Bilgilerde doğruluk, duygularda içtenlik olmalı: Anlatıların doğru olması, anlatımın başarısını etkiler. Anlatımda duygular aktarılacaksa yazar içten bir tavır sergilemeli, yapmacıklıktan kaçınmalıdır. Bu bağlamda anlatıcı övünmekten, abartmaktan ve okuyucunun yazıyı anlamasını zorlaştıracak sözcükleri kullanmaktan kaçınmalıdır.

Yazım (imla) kurallarına ve noktalama işaretlerine uyulmalı' Dildeki sözcüklerin nasıl yazılacağını belirleyen kuralların ve kullanımların tümüne “yazım (imla)” adı verilir. Bir dilin yazılma biçimini belirleyen kurallara da “yazım kuralları” denir. Türkçede her ses, bir harfle gösterilir. Bu tür yazıma “fonetik (sesçil) yazım” denir. Yazım kuralları ve noktalama işaretleri trafik işaretlerine benzer. Nasıl trafik işaretleri trafiğin düzenini sağlarsa yazım kuralları ve noktalama işaretleri de anlatımın düzenini sağlar. 

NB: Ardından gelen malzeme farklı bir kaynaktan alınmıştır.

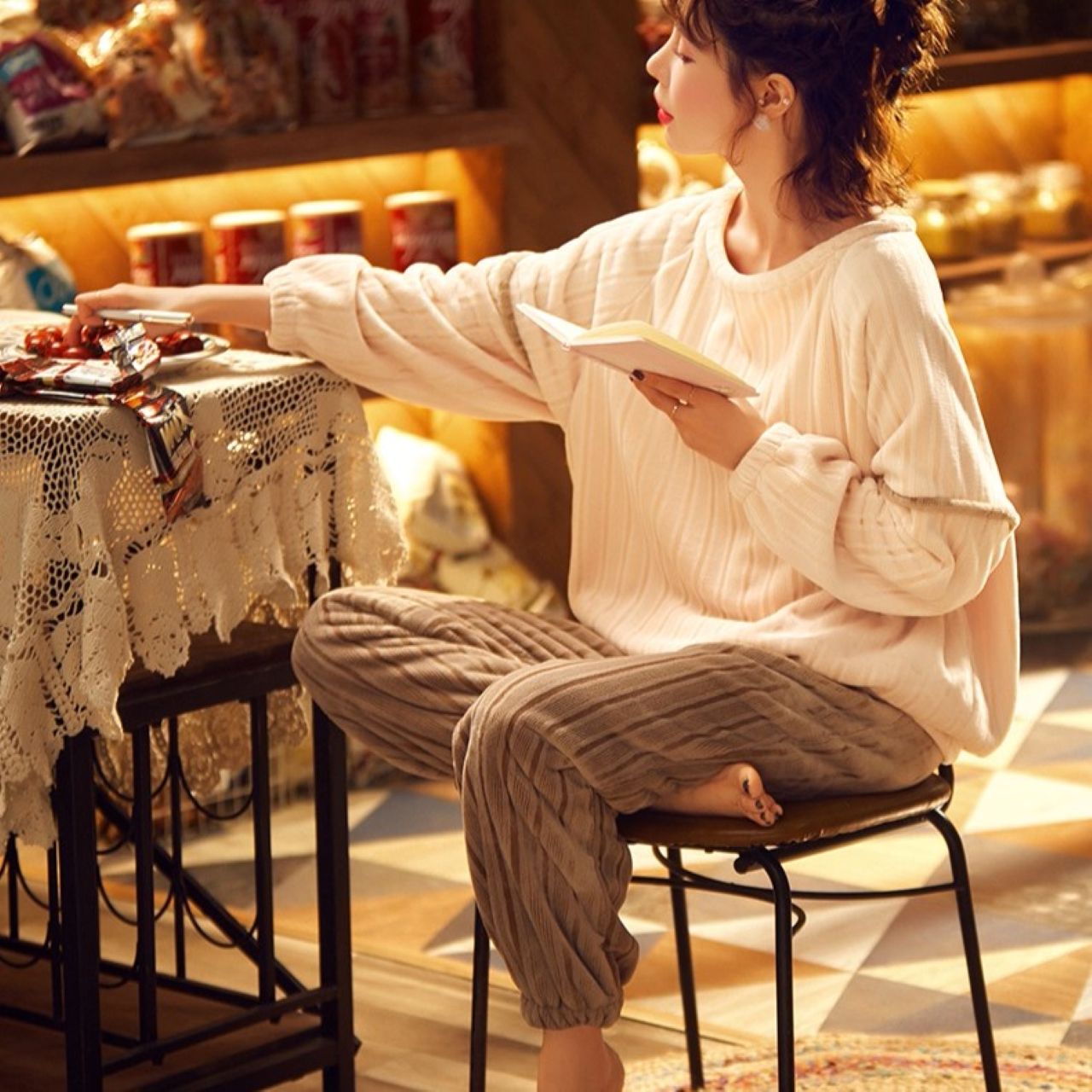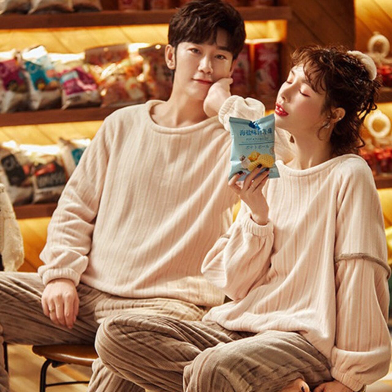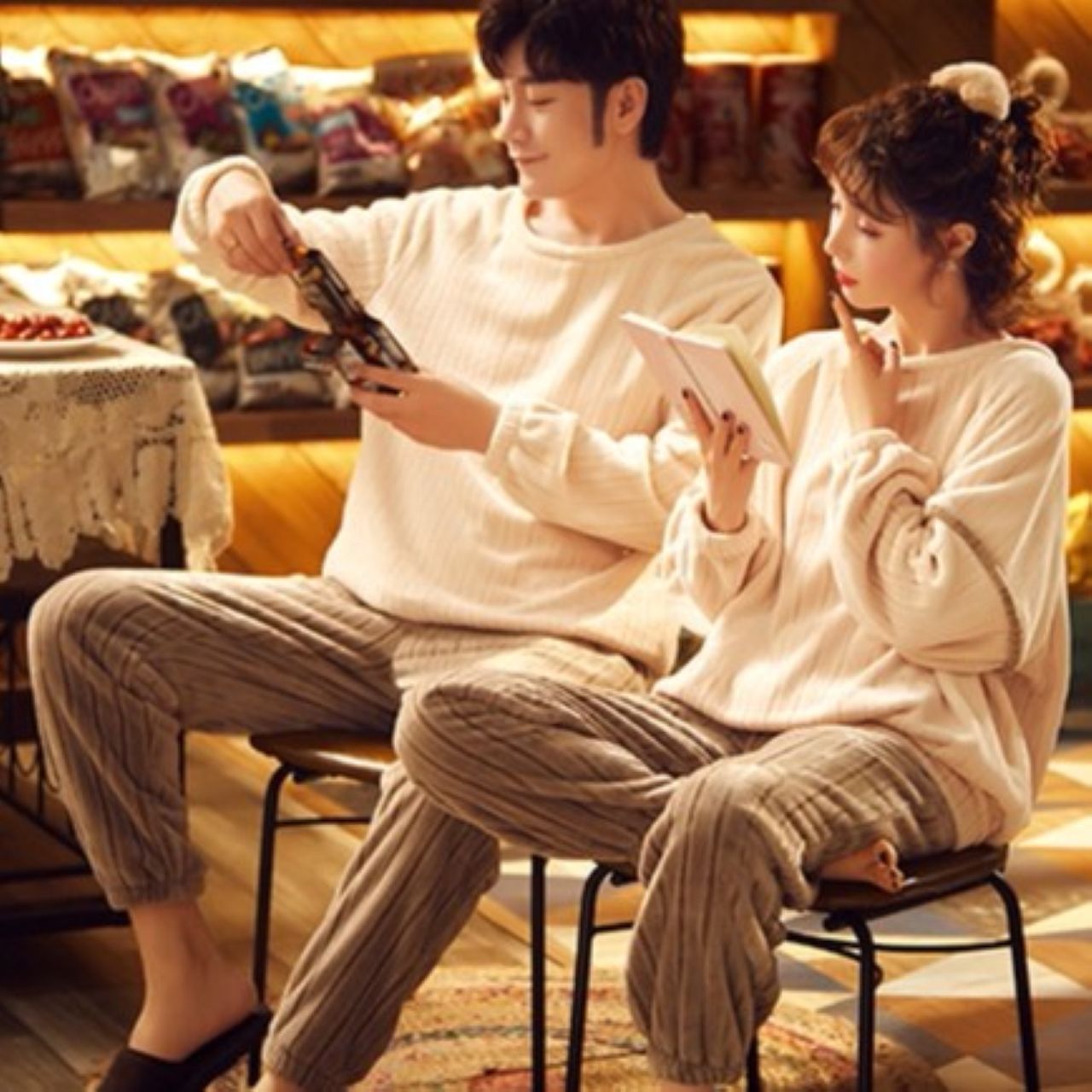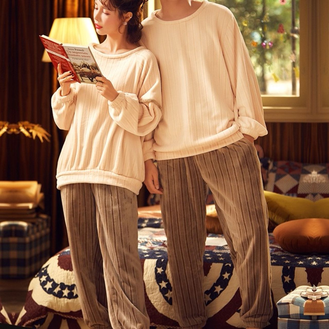 ペアルック ベージュ×ホワイト シンプルお揃いパジャマ

Anlatım özgün olmalı: İyi bir anlatım “biricik”tir. Bu bağlamla da anlatım özgün olmalıdır. Anlatımda özgünlük, başkalarına benzemeden, öykünmeden biçim ve içerikte benzersiz olmaktır. Dolayısıyla özgün bir anlatım gerçekleştirebilmek “üslup sahibi” olmayı gerektirir. Üslup sahibi olan bir sanatçı, başkalarıyla aynı konuları işlese bile anlatıma kendi damgasını vurur ve anlatımı “biricik” hâle getirebilir.

Anlatım etkileyici olmalı: Anlatım okuru sarmalı, onda değişiklikler meydana getirebilme gücüne sahip olmalıdır. Bu da anlatımın okur tarafından beğenilmesini gerektirir. Okur, beğendiği yazıdan etkilenir. Beğenilen anlatım, okur üzerinde iz bırakır. Bu yüzden anlatımın her bakımdan etkileyici olması gerekir.